Critics have been hounding governments for years about their ineffective and expensive policies. Now that their budgets are flaming red, states have a motive for change—one that they cannot ignore or regard passively— insufficient funds.

Kentucky’s Attorney General sued the state for releasing more than 3,500 felons from prison and parole supervision in an effort to save $30 million.

Closing correctional facilities such as Southampton was announced as part of Virginia’s budget reduction plan. Despite the criticism, Governor Tim Kaine felt demolishing Southampton was better than “spending scarce capital and operations dollars on inefficient buildings.”

When state budgets are flush, prisons are something that governors and legislators all support, and they don’t want to touch sentencing reform. But when dollars are tight as they are now, you have to really make tough choices. And so now things are in play,” says Barbara Krisberg of the National Council on Crime and Delinquency.

Kansas Senator Carolyn McGinn wrote a newspaper article to clarify her bill that seeks to cut state costs by eliminating the death penalty.

In her article, McGinn argued that Kansas has enacted and abolished the death penalty a number of times. And although it has been back on the law books since 1994, no one has been executed since 1965.
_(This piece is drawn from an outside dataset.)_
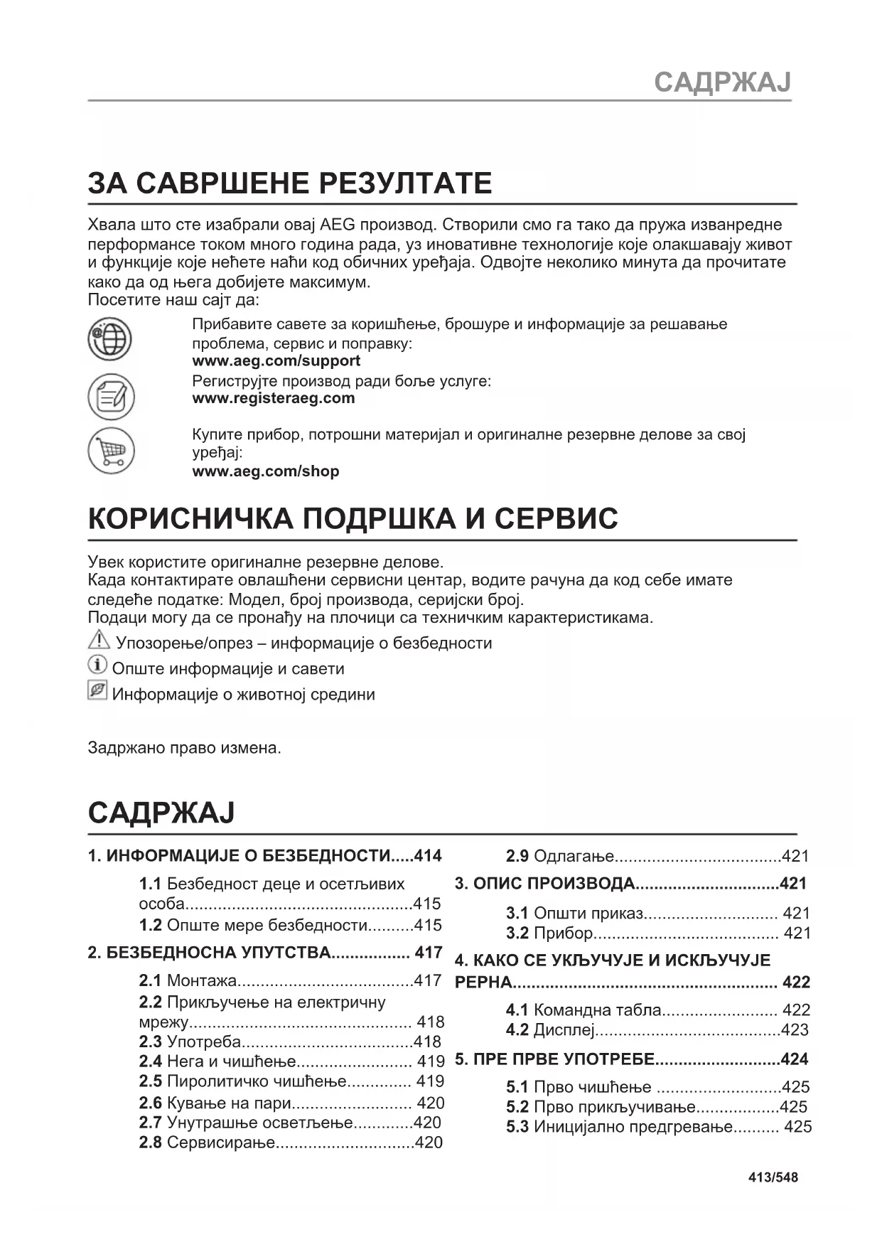 www.aeg.com/shop КОРИСНИЧКА ПОДРШКА И СЕРВИС Увек користите оригиналне резервне делове. Када контактирате овлашћени сервисни центар, водите рачуна да код себе имате следеће податке: Модел, број производа, серијски број. Подаци могу да се пронађу на плочици са техничким карактеристикама. Упозорење/опрез – информације о безбедности Опште информације и савети Информације о животној средини Задржано право измена.

By eliminating the death penalty, McGinn claims, “our state could save more than $500,000 per case…Nebraska, Colorado, New Mexico, Montana, New Hampshire, Maryland and Washington are also looking to abolish the death penalty.”

An Urban Institute study found that filing a death notice costs Maryland taxpayers an additional $670,000 per case. If a death sentence is won, another $1.2 million is added to the bill.
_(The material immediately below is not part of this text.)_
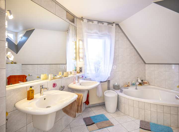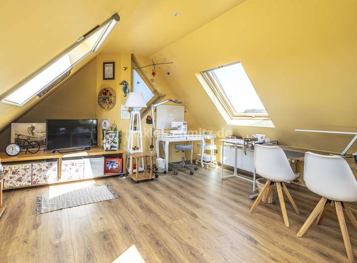 Über eine Treppe erreichen Sie das Dachgeschoss, das im Jahr 2015 vollständig ausgebaut wurde. Hier erwarten Sie ein weiteres Wohn-/Schlafzimmer sowie ein zusätzliches Badezimmer – perfekt als Jugendzimmer, Gästebereich oder Hobbyraum.

In 20 years, the death penalty alone cost Maryland taxpayers at least $186 million, according to the Urban Institute. Only five people were executed and five people were awaiting execution.
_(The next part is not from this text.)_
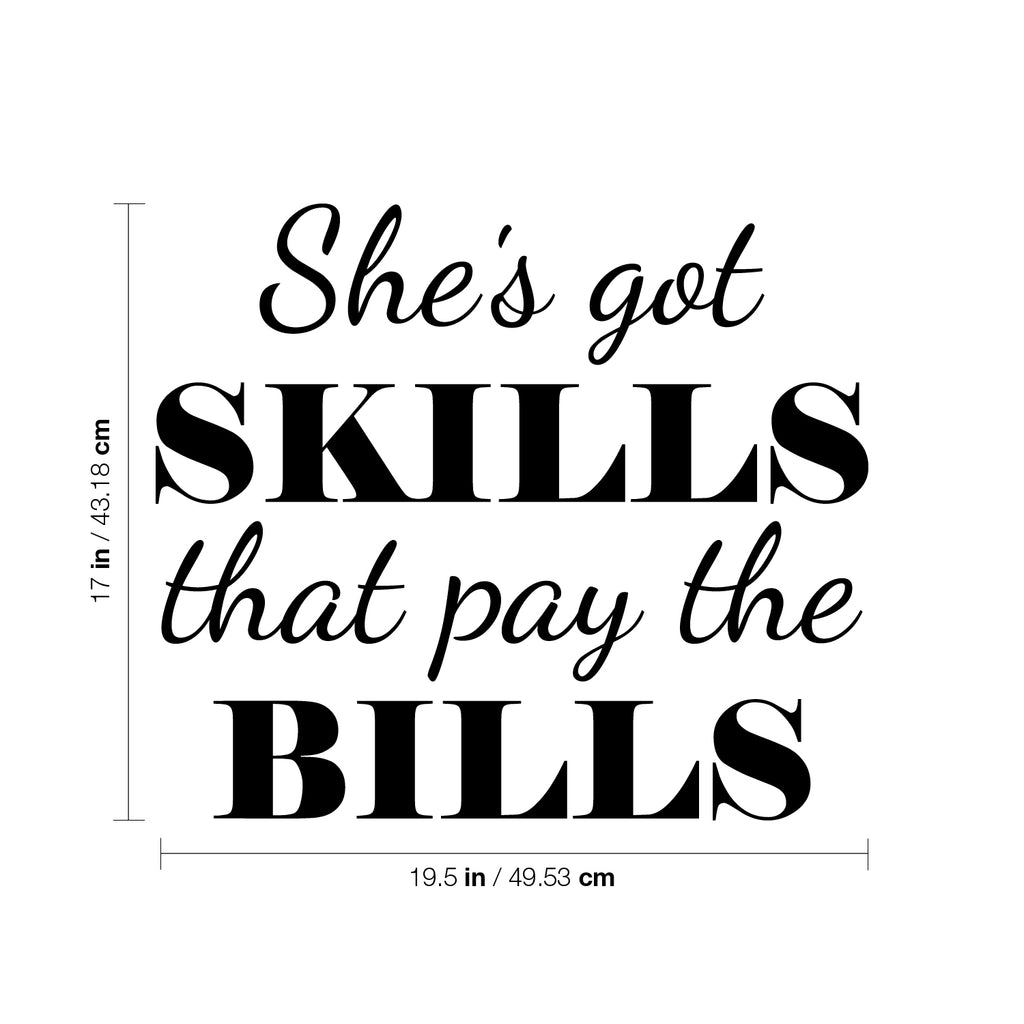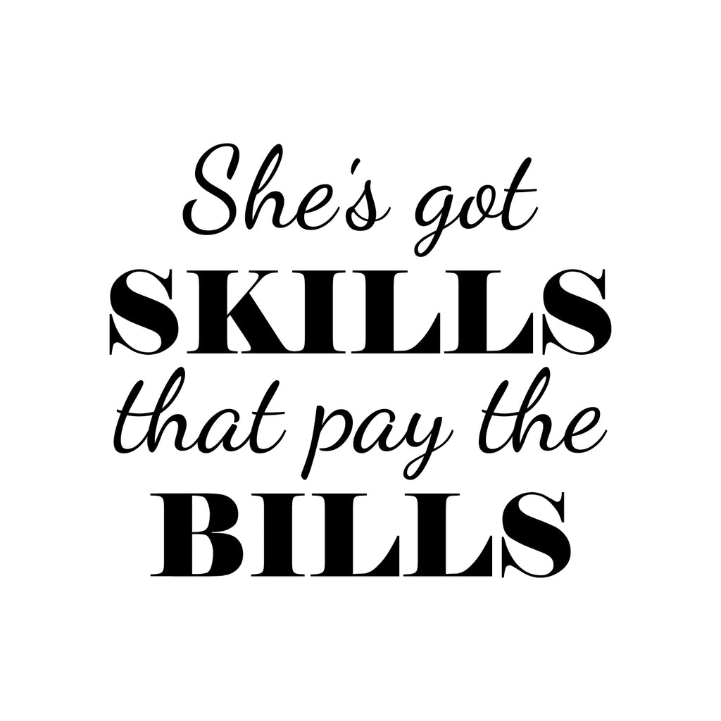 This empowering decal quote "She's Got Skills That Pay The Bills"; is the perfect touch for your home or work. Use it for your dorm room; home office or anywhere you want to bring some extra decoration. It's a vinyl sticker that is easy to put on any smooth and dry surface. Our modern designs don't just brighten up the room; but brighten up the day. Using top of the line vinyl across all of our production allows us to be the leaders in quality and design.

McGinn explained that the “added cost is a result of investigation, lengthier trials and higher cost and frequency of appeals. Death cases have [federally mandated] criteria that also includes specially trained lawyers and judges and a more extensive juror selection and instruction process.”

Incarceration is a bandage that has become a wound. “We have been incarcerating more and more people," Senator Webb said.

A large portion of these convicts are non-violent offenders, people who are mentally ill or substance abusers and minor drug dealers.

“We are wasting billions of dollars and diminishing millions of lives,” Senator Webb says. “We need to fix the system.”

Tom Ammiano, a California Assemblyman, proposes that going into the drug business is the double fix California needs. Instead of spending tax dollars to lock up marijuana offenders, he wants to legalize the drug and earn $1 billion tax dollars from those selling it.

“With the state in the midst of a historic economic crisis, the move towards regulating and taxing marijuana is simply common sense,” he says.

“Marijuana already plays a huge role in the California economy. It’s a revenue opportunity we quite simply can’t afford to ignore any longer,” said Stephen Gutwillig, a director for the Drug Policy Alliance.

America also cannot afford its strict, conservative policies any longer. The deeper U.S. states find themselves in the hole, the more creative and liberal the tools they will need to consider to dig themselves out.